The biological basis by which the intestinal anaerobic bacterial microflora may modulate the development of acute GVHD after human marrow transplantation is currently unknown. Dysregulated and increased secretion of proinflammatory cytokines during the induction phase of acute GVHD is regarded as a major promoting factor of the allospecific donor T-cell activation process.5 A recent murine study supports previous clinical observations that the severity of acute GVHD increases with an intensified radiation dose of total body irradiation (TBI).27 This was associated with a systemic increase in tumor necrosis factor-α (TNF-α) levels, induced both by greater sensitivity of macrophages to LPS and by an increased translocation of LPS into the circulation of allogeneic recipient animals conditioned with the higher TBI dose. Thus, irradiation synergized with LPS stimulation of macrophages and potentiated TNF-α production in this murine model. It is therefore tempting to speculate that a substantial reduction of LPS and other soluble bacterial breakdown products by decontamination of the preponderant resident anaerobic bacterial microflora in the intestinal lumen substantially decreases entry of bacterial products into the portal and systemic circulation, which are able to induce an alloantigen-independent inflammatory process. This, in turn, would diminish or even abolish TNF-α production by monocytes and macrophages, because it is known that, in nonmalignant cells, radiation only induces TNF-α mRNA without protein production.28,29 Because TNF-α is thought to be a particularly important mediator of liver and intestinal cell damage, this hypothesis is consistent with the finding of the present study that the lower frequency of grades II to IV acute GVHD in patients treated with the combined decontamination medication is primarily a consequence of a reduced liver and intestinal involvement with acute GVHD.30-33 

A further potential mechanism by which decontamination of intestinal anaerobic bacteria may modulate liver and intestinal acute GVHD is the downregulation of MHC and adhesion molecule expression on professional antigen-presenting cells (APCs) in the liver and the intestinal wall due to a reduced activation by bacterial products penetrating the intestinal mucosa.34,35 In consequence, the cellular interactions between APCs and donor T cells leading to allospecific clonal T-cell activation and expansion would not take effect. Similarly, a downregulated expression of these antigens on liver and intestinal epithelial cells would render these cells less susceptible to the cytolytic and apoptotic actions mediated by the allospecific effector cells of acute GVHD. Direct evidence for the clinical significance of these mechanisms is difficult to attain, because liver and intestinal tissue cannot be serially investigated during the early posttransplant course, and cell injury induced by TNF-α and other proinflammatory cytokines may largely depend on paracrine cytokine effects in these tissues, which are not reflected by systemic cytokine levels.36 It would therefore be interesting to study whether systemic application of neutralizing soluble receptors for bacterial LPS may be similarly effective in preventing acute GVHD after experimental and human marrow transplantation such as decontamination of the intestinal anaerobic bacterial microflora.

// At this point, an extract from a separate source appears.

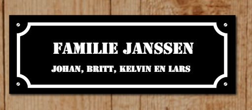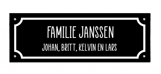 Een van de grootste voordelen van onze emaille look naambordjes is dat je ze volledig kunt personaliseren. Of je nu een naam, huisnummer of een leuke tekst wilt, wij helpen je graag om het perfecte bord te creëren. Met diverse lettertypen, kleuren en layout-opties kun je het bord helemaal afstemmen op jouw stijl. Kies bijvoorbeeld voor een elegant zwart bord met witte tekst of ga voor een frisse blauwe uitstraling. Maak je keuze en geef je voordeur een echt persoonlijk tintje!
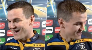 Jonathan Sexton was joined by an unexpected visitor as he spoke after his side's win at the Aviva. #LEIvWAS https://t.co/jJtgFM3TZj

The influence of the combined decontamination medication on acute GVHD demonstrated for the entire study population resulted predominantly from a significant reduction of grades II to IV acute GVHD in patients with genotypically HLA-identical sibling donors, whereas in patients with donors other than HLA-identical siblings this influence was much less pronounced despite identical anaerobic bacterial decontamination efficacies (data not shown). The latter patient subset is presumed to have a higher degree of minor and major histocompatibility antigen disparity with their donors compared with recipients of HLA-identical sibling donor transplants. It can therefore be postulated that the proposed mechanisms by which anaerobic bacterial decontamination reduces acute GVHD are less effective, with an increasing degree of histoincompatibility. Possible pathophysiologic explanations for the observed differences include, among others, activation-independent expression and presentation of MHC and minor antigens by APCs in target tissues as well as enhanced allospecific donor T-cell activation due to multiple histocompatibility antigen disparities. Regardless of the quality of anaerobic bacterial decontamination, this would promote acute GVHD more strongly in recipients of transplants from partially HLA-matched family donors or matched unrelated donors compared with HLA-identical sibling donor transplant recipients.

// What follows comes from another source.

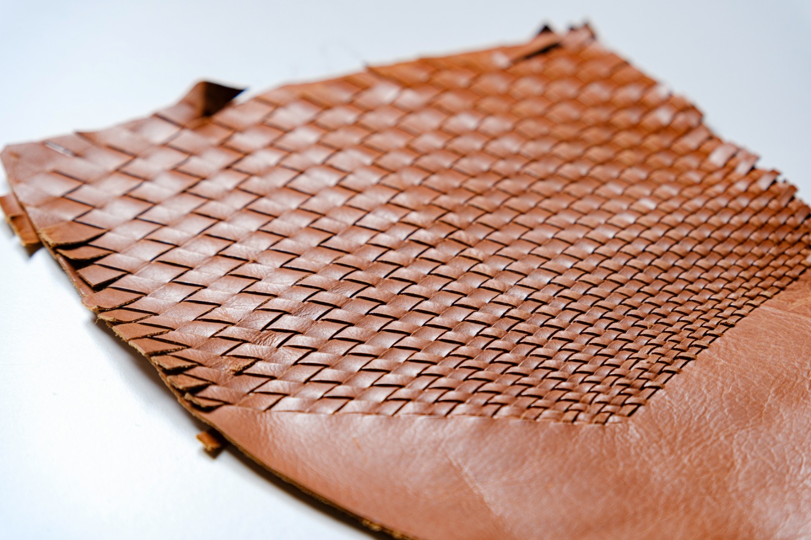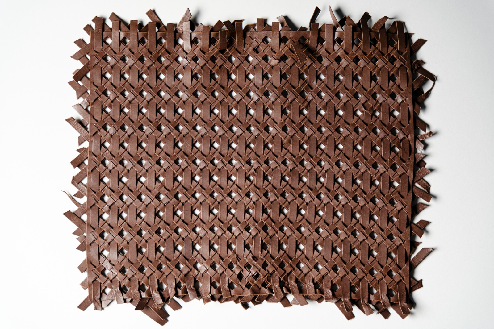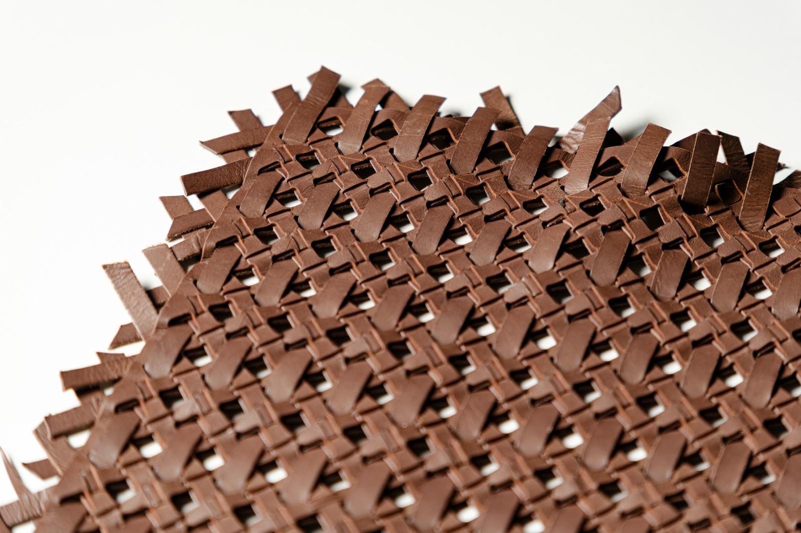 varie tipologie di intrecci a passo variabile con pelle tagliata a macchina con lavorazione manuale. Possibile trattamento ignifugo.

Chronic GVHD developed with similar frequencies in the two study arms. This is not surprising, because a previous randomized trial, which compared sMTX+CyA to CyA alone for prophylaxis of acute GVHD after HLA-identical sibling marrow transplants, has demonstrated that an improvement of acute GVHD prophylaxis does not inevitably result in a reduction of chronic GVHD.1,2 The development of chronic GVHD in the present study was significantly associated with grades II to IV acute GVHD, which is in accordance with most analyses on risk factors for chronic GVHD.37 Contrary to the results of the mentioned randomized trial, the probability of chronic GVHD was significantly lower in patients treated with the combined prophylactic regimen compared with patients exclusively receiving CyA. However, in the present study, patients with donors other than HLA-identical siblings were also included and the prophylactic regimen was chosen according to risk features of acute GVHD. This heterogeneity in patient populations and treatment strategies therefore precludes a meaningful comparison of the influence of the immunoprophylactic regimen on chronic GVHD between the two studies. The documented effect of the combined decontamination medication on grades II to IV acute GVHD together with the independent influence of the sMTX+CyA regimen on chronic GVHD suggest that a combination of both strategies will synergize in reducing chronic GVHD.

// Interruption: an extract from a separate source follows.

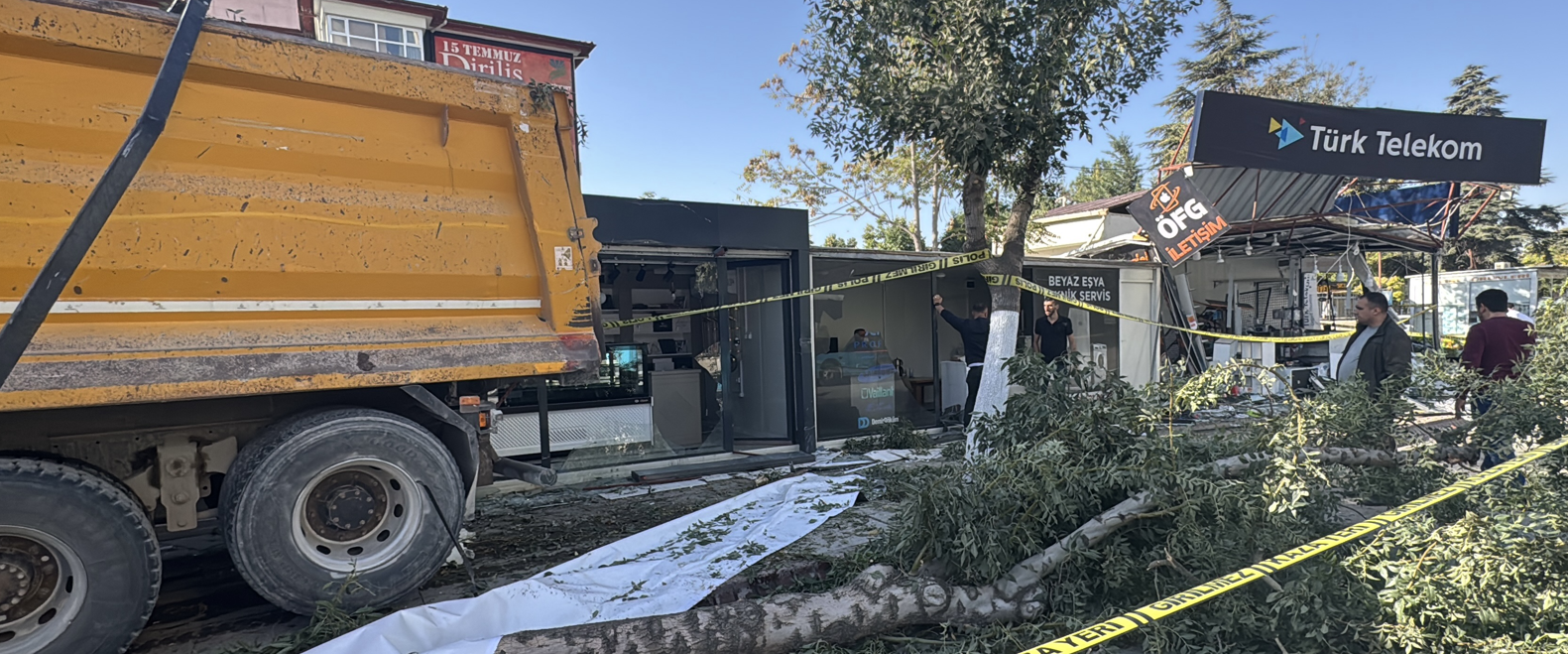 İnönü Caddesi'nde sürücüsünün kimliği henüz öğrenilemeyen 44 KS 076 plakalı kamyon, freni arızalanınca kontrolden çıktı. Kamyon yol kenarındaki 7 konteyner iş yerine çarptı.

Despite the significant reduction of grades II to IV acute GVHD in patients treated with the combined decontamination medication, overall survival was nearly identical in the two study arms. This analytical endpoint was adversely influenced by an advanced disease stage at the time of transplant and by the development of grades II to IV acute GVHD, both of which are generally accepted as the strongest predictors of transplant outcome. Because the effect of anaerobic bacterial decontamination on acute GVHD was largely restricted to patients with HLA-identical sibling donors, it was interesting to analyze whether this patient subset had a survival benefit associated with the study medication, if only patients in early disease stages were considered. This comparison showed a 14% superior 5-year survival estimate for patients treated with the combined decontamination medication, but this difference did not reach statistical significance due to the limited number of comparable patients in both study arms. Nevertheless, this difference provides a basis for a future study in this patient subset investigating the influence of anaerobic bacterial decontamination on survival as the primary study endpoint.

In conclusion, this open-label prospective randomized study provides evidence that antimicrobial chemotherapy targeted to intestinal anaerobic bacteria in marrow transplant recipients significantly reduces the severity of acute GVHD. The results of this study further support that the intestinal anaerobic bacterial microflora plays a role in the pathogenesis of acute GVHD after human marrow transplantation.

The authors are indebted to the nursing staff of the Department of Bone Marrow Transplantation at the University Hospital of Essen for their excellent patient care. The authors thank Angelika Hussel for her support in data aquisition and documentation. This work was made possible by the outstanding efforts of the technicians of the Department of Microbiology at the University of Essen.

This work is dedicated to Prof. Ulrich W. Schaefer at the occasion of his 60th birthday.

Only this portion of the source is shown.